# Where do you shop?



## jblaze725 (Mar 19, 2007)

In terms of online retailers, where do you guys buy your ammo and accessories? I dont have any good places near me to buy stuff so online is my best option. Also do you guys trust buying your handguns online and if so where?


----------



## Baldy (Jun 21, 2006)

I buy most of my stuff at Midway:http://www.midwayusa.com/
Buy new Guns:http://www.budsgunshop.com/catalog/index.php
Buy used Gus:http://www.fugatefirearms.com/shop/index.php
I would buy off any of these outfits with confidence.


----------



## jblaze725 (Mar 19, 2007)

I looked into those sites and I may actually be using Buds to buy my handgun. Thanks for the help. I just have to find out the laws in NY about buying Handguns online before I go ahead with the purchase.


----------



## Baldy (Jun 21, 2006)

Any pawn shop that deals in guns would have a FFL or a gun shop that you are on good terms with.
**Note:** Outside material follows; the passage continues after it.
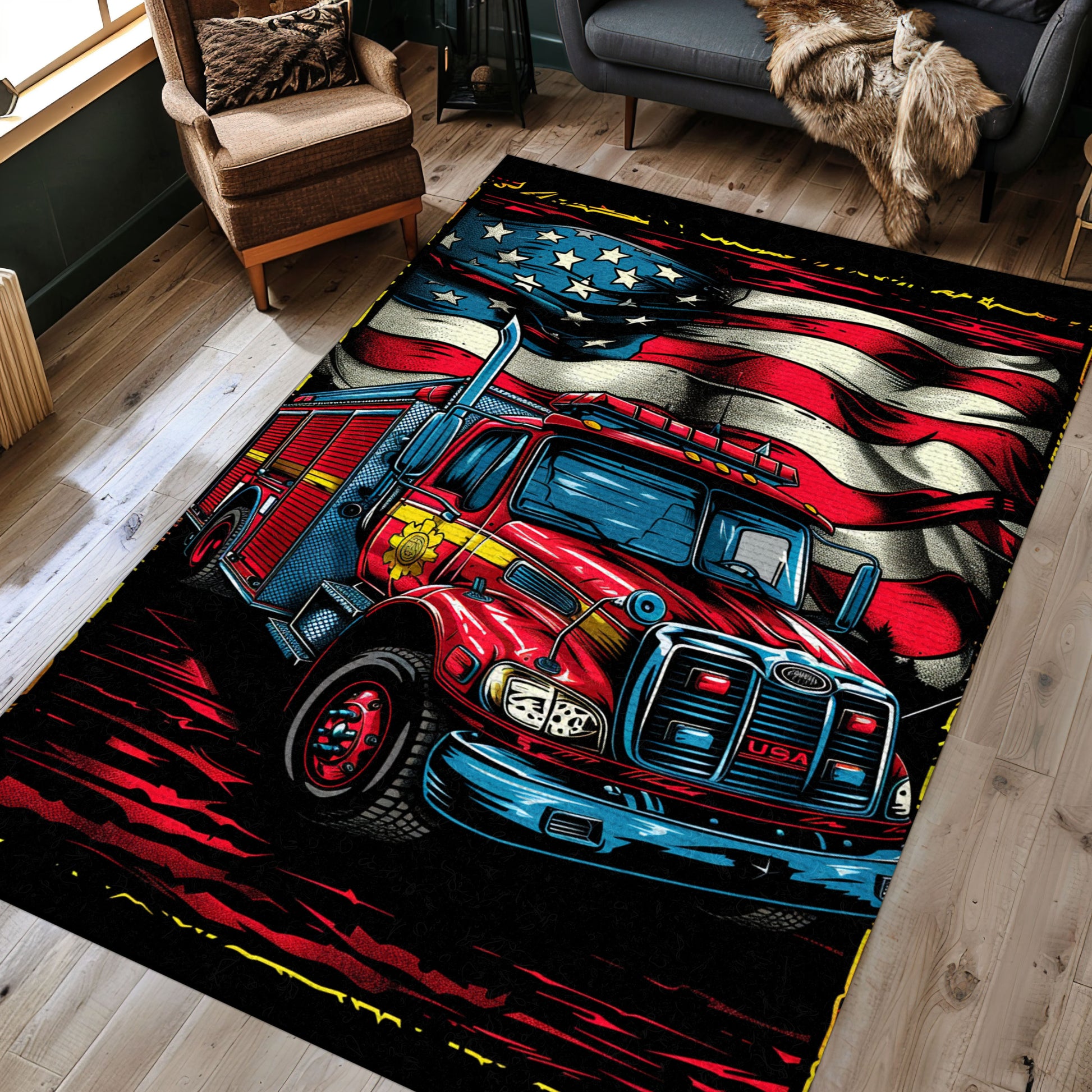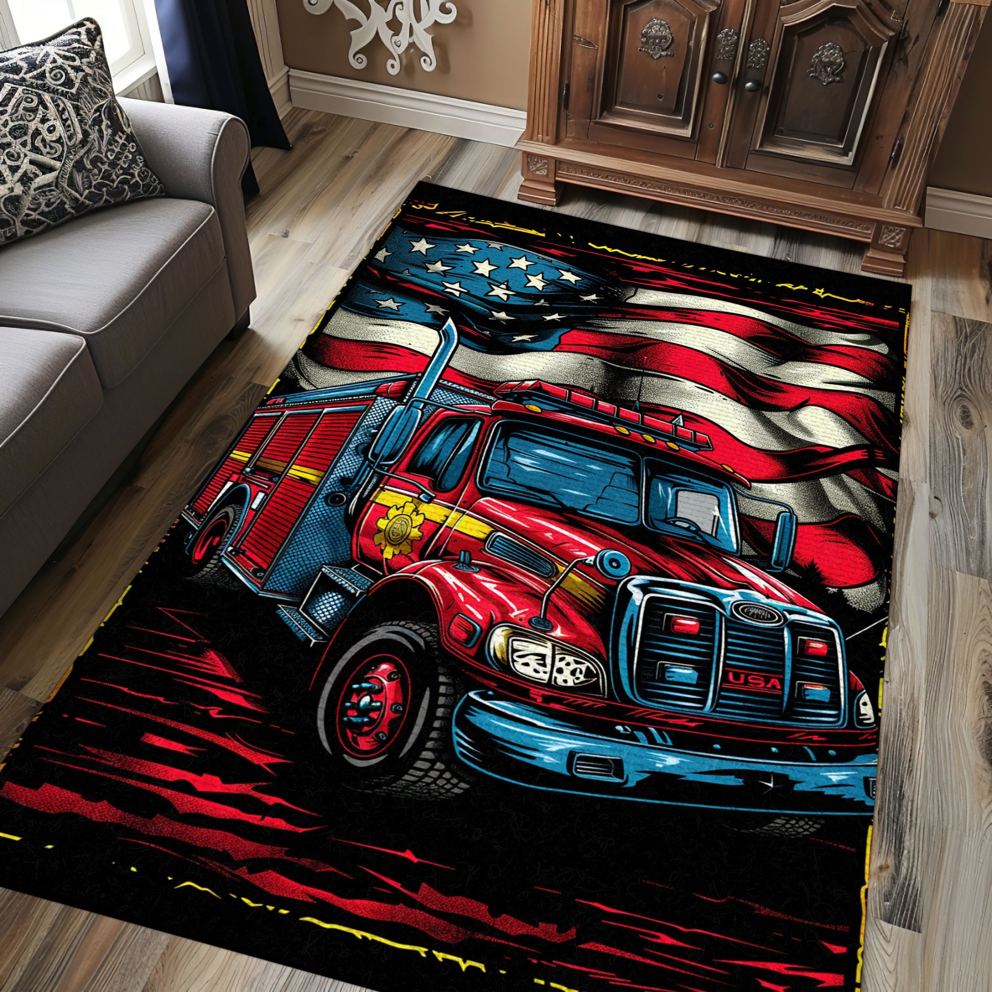 Dynamic Fire Truck in Front of the USA Flag Custom Carpet: Honor Firefighters and Country, Firefighter Rugs for Living Room Bedroom, Firefighter Rectangular Rugs Full Size FR57

They would do the transfer for a fee. Most of the time it's between $10 and $50. Good luck.


----------



## jblaze725 (Mar 19, 2007)

I have a range I have been going to for a couple of years now so I would think they would be ok with doing the transaction for me. I just have to see exactly how this is done with the NY laws. I need to buy the gun and have a receipt and gun info to hand in with my application.


----------